Abstract. Replacing prototype testing by computer simulation is essential for speeding design cycle times. Since a critical requirement in any design is to prevent failure without incurring high cost, the ability to simulate failure is vital in this paradigm shift. For the last few years, several types of computational failure analysis methods have been developed. However, computational modeling of failure and reliable predictions are still highly problematic and one of the biggest challenges in computational mechanics. The primary motivation of this talk is to introduce recently developed XFEM-based computational failure analysis methods that can model arbitrary crack growths independent from the initial mesh topologies. The first part of this talk will present key concepts in these methods along with various dynamic failure analysis results in shell and 3D models under extreme dynamic loading or fluid-structure interaction induced loading conditions.
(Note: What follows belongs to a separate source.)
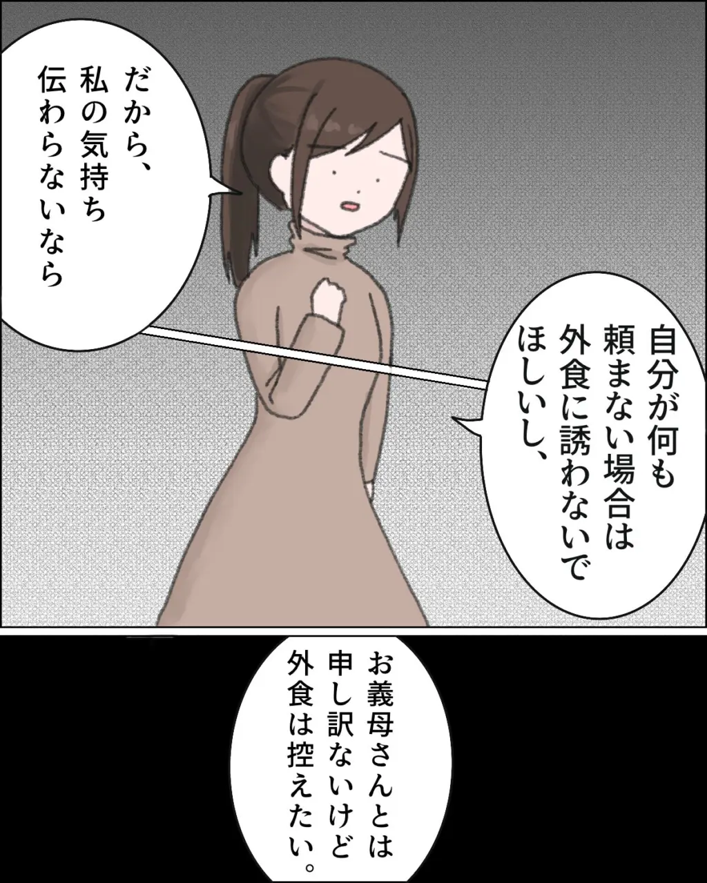 そして、「だから、私の気持ち伝わらないなら、自分が何も頼まない場合は外食に誘わないで欲しいし、お義母さんとは申し訳ないけど外食は控えたい」とはっきりと気持ちを伝えました。

In the second part, a new multi-scale analysis method for predicting multi-scale failure will be described. Particular emphasis will be placed on the situation where the coarse scale model loses its ellipticity, which is always the case with failure. A new method for treating that situation will be described within the context of multi-scale approaches. Its notable feature is the decomposition of the unit cell response into a discontinuity and a smooth response. Two key concepts are fundamental to the development of this method: the notion of a perforated unit cell that excludes all material that is not strictly convex and a method for extracting the discontinuity at the macro-scale from the micro-scale response. The methods are combined with the XFEM for the coarse scale model, so that arbitrary discontinuities at the macroscale can be treated. We will conclude this talk with examples for mechanical study of multi-scale failure analysis to examine the applicability of this multi-scale failure analysis method.

Bio. Dr. Jeong-Hoon Song received his B.S. and M.S. from the Department of Civil Engineering at Yonsei University, Korea, and Ph.D. from Theoretical and Applied Mechanics, Northwestern University. Dr. Song has worked on developing high fidelity computational failure analysis frameworks focusing on predicting static/fatigue/dynamic fracture in micro/macro scales, fluid-structure interactions, and multiscale failure behaviors.